Aim of the exercise: Apart from the pictures, print the data below exactly as given.

Data records:
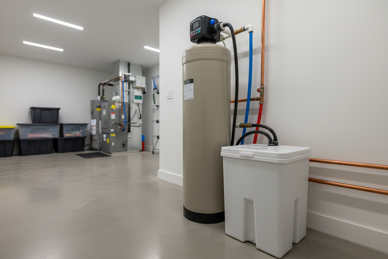 Water softeners solve hard water problems by removing calcium and magnesium minerals that cause scale buildup on fixtures, appliances, pipes, and water heaters. This results in longer appliance life, reduced energy bills, softer skin and hair, less soap scum, brighter laundry, and easier cleaning throughout your home.
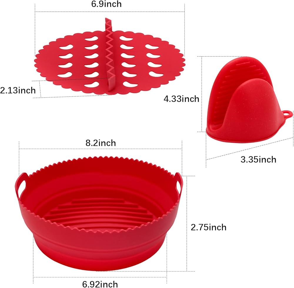 【2 Pack Air Fryer Silicone Liner】 Essential air fryer accessories with mitts and seperator pad,8 inches reusable air fryer liners,our round silicone air fryer liners is thicker,you do not need to worry about burning during use,fits 3-5 QT air fryers,please confirm the capacity before purchase.
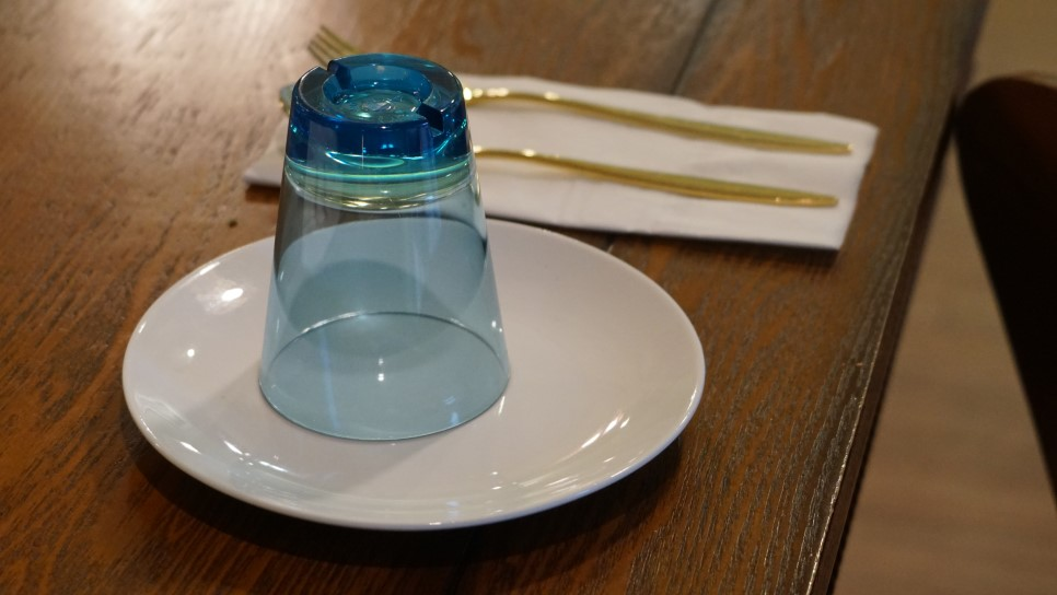 깔끔하고 심플한 접시와 투명한 유리컵, 금빛 식기가 세련된 느낌을 줍니다. 묘한 느낌의 식당이라서 더 기대를 많이 하게 되는 것 같아요. 인테리어만 번지르르한 그런 식당이 아니라 정말 눈이 즐겁고 입이 즐거운 그런 식당은 좋아할 수밖에 없죠! 뭔가 프랑스라고 하면 로맨틱한 느낌이 나는 것 같아요.
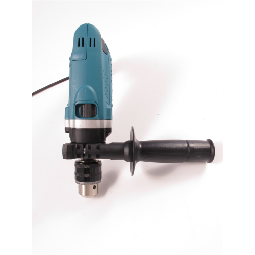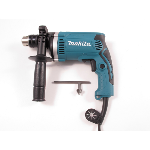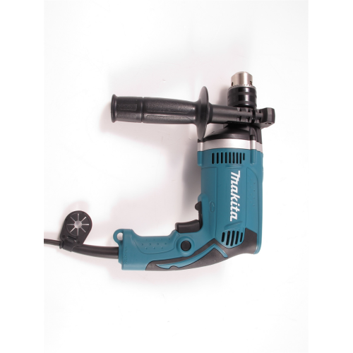 Wiertarka udarowa Makita HP1630K posiada również uchwyt wiertarski z wieńcem zębatym i bez wątpienia wytrzymałą, bo aluminiową, obudowę przekładni. Rękojeść antywibracyjną, ku wygodzie użytkownika i łatwej obsłudze narzędzia, powleczono gumą. Na uwagę zasługuje również fakt, że obudowa silnika jest cylindryczna, a prędkość obrotową reguluje się spustem włącznika.
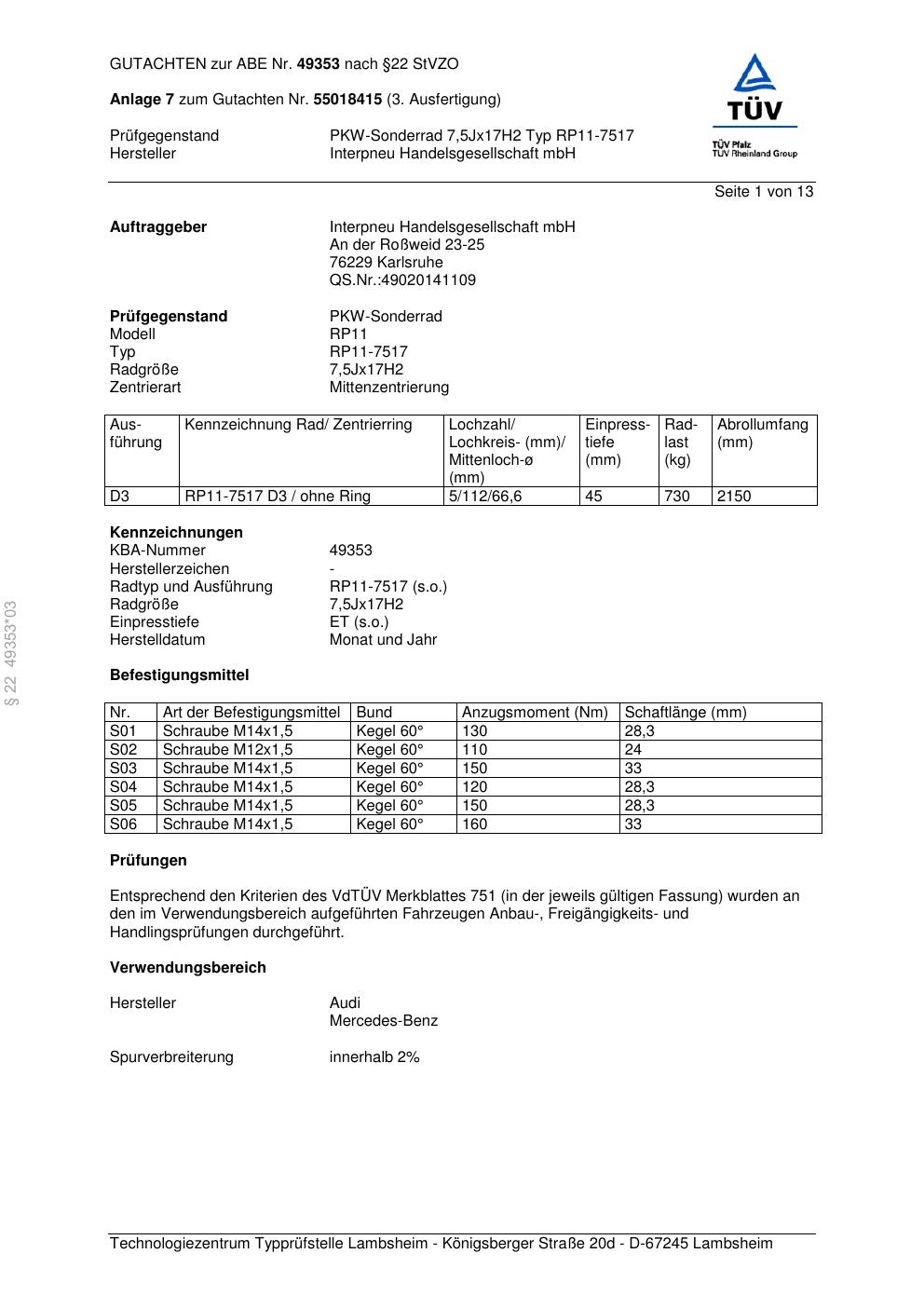 Dieses Gutachten (abe) bezieht sich auf die Alufelge Platin RP11-751 7 in der Ausführung 7.5Jx17 ET 0, Mittenloch 0 mm (KBA 49353). Im PDF findest du typischerweise zulässige Reifengrößen, Auflagen/Anbauhinweise und – je nach Dokument – Hinweise zur Eintragung.
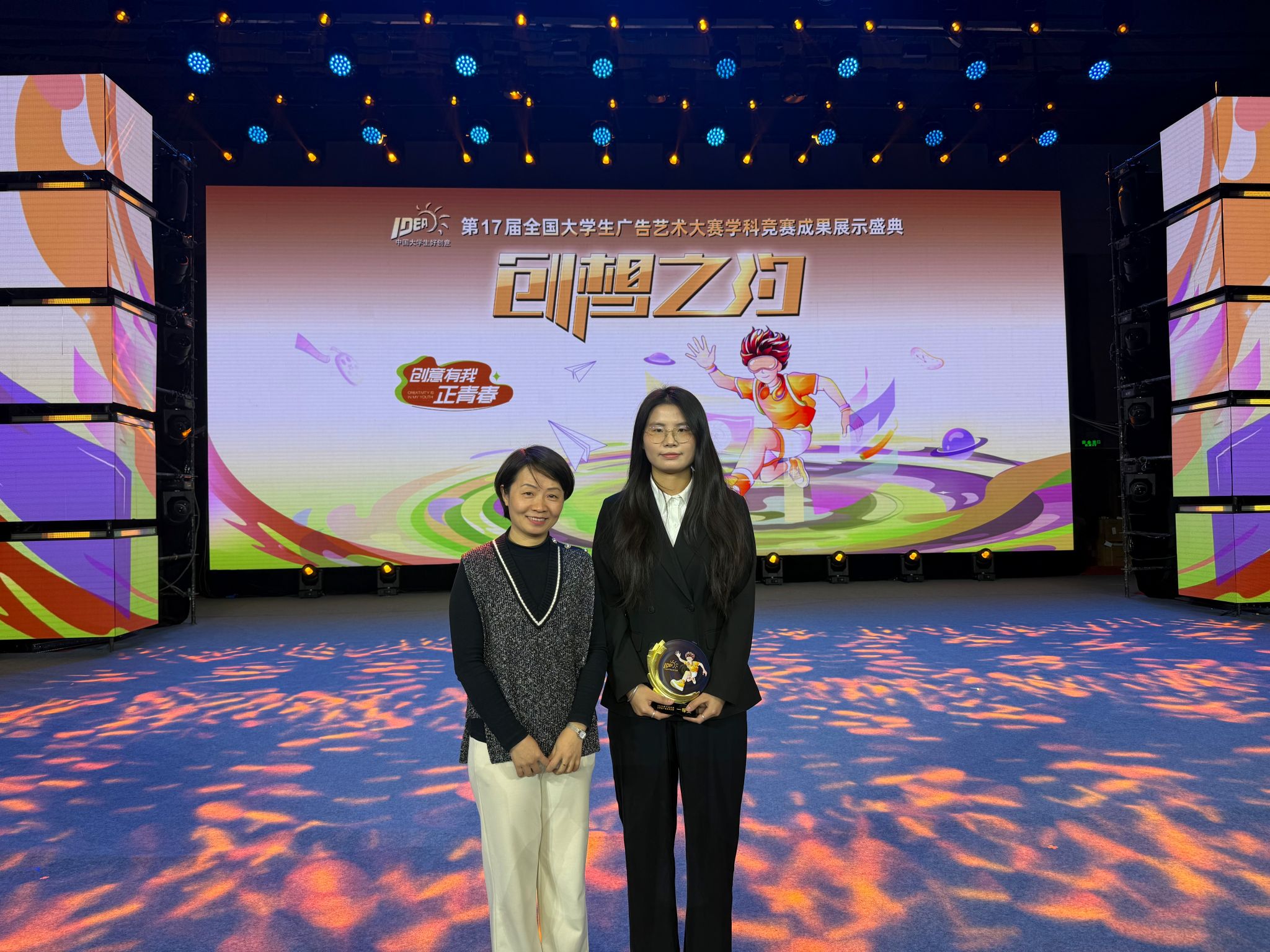 2025年12月6至7日,第17届全国大学生广告艺术大赛(大广赛)学科竞赛成果展示暨大广赛华彩20周年颁奖盛典活动在北京全国政协礼堂隆重举行。我校学子在17届大广赛全国总评审中荣获一等奖1项(文法学院学生李梦、张晋瑶,指导老师姚宁)、三等奖1项(马克思主义学院学生彭佳蕾,指导老师张翮)、优秀奖14项。中国新闻文化促进会会长、人民日报社原副总编张首映,中国高等教育学会副会长、教育部高教司原司长张大良,教育部高教司原巡视员、高等教育教学评估中心原主任刘凤泰,中国教育报刊社原社长李曜升等出席并为获奖单位、师生代表颁奖。来自全国百余所高校的近千名师生参加活动。

Exercise output:
 Water softeners solve hard water problems by removing calcium and magnesium minerals that cause scale buildup on fixtures, appliances, pipes, and water heaters. This results in longer appliance life, reduced energy bills, softer skin and hair, less soap scum, brighter laundry, and easier cleaning throughout your home.
 【2 Pack Air Fryer Silicone Liner】 Essential air fryer accessories with mitts and seperator pad,8 inches reusable air fryer liners,our round silicone air fryer liners is thicker,you do not need to worry about burning during use,fits 3-5 QT air fryers,please confirm the capacity before purchase.
 깔끔하고 심플한 접시와 투명한 유리컵, 금빛 식기가 세련된 느낌을 줍니다. 묘한 느낌의 식당이라서 더 기대를 많이 하게 되는 것 같아요. 인테리어만 번지르르한 그런 식당이 아니라 정말 눈이 즐겁고 입이 즐거운 그런 식당은 좋아할 수밖에 없죠! 뭔가 프랑스라고 하면 로맨틱한 느낌이 나는 것 같아요.
 Wiertarka udarowa Makita HP1630K posiada również uchwyt wiertarski z wieńcem zębatym i bez wątpienia wytrzymałą, bo aluminiową, obudowę przekładni. Rękojeść antywibracyjną, ku wygodzie użytkownika i łatwej obsłudze narzędzia, powleczono gumą. Na uwagę zasługuje również fakt, że obudowa silnika jest cylindryczna, a prędkość obrotową reguluje się spustem włącznika.
 Dieses Gutachten (abe) bezieht sich auf die Alufelge Platin RP11-751 7 in der Ausführung 7.5Jx17 ET 0, Mittenloch 0 mm (KBA 49353). Im PDF findest du typischerweise zulässige Reifengrößen, Auflagen/Anbauhinweise und – je nach Dokument – Hinweise zur Eintragung.
 2025年12月6至7日,第17届全国大学生广告艺术大赛(大广赛)学科竞赛成果展示暨大广赛华彩20周年颁奖盛典活动在北京全国政协礼堂隆重举行。我校学子在17届大广赛全国总评审中荣获一等奖1项(文法学院学生李梦、张晋瑶,指导老师姚宁)、三等奖1项(马克思主义学院学生彭佳蕾,指导老师张翮)、优秀奖14项。中国新闻文化促进会会长、人民日报社原副总编张首映,中国高等教育学会副会长、教育部高教司原司长张大良,教育部高教司原巡视员、高等教育教学评估中心原主任刘凤泰,中国教育报刊社原社长李曜升等出席并为获奖单位、师生代表颁奖。来自全国百余所高校的近千名师生参加活动。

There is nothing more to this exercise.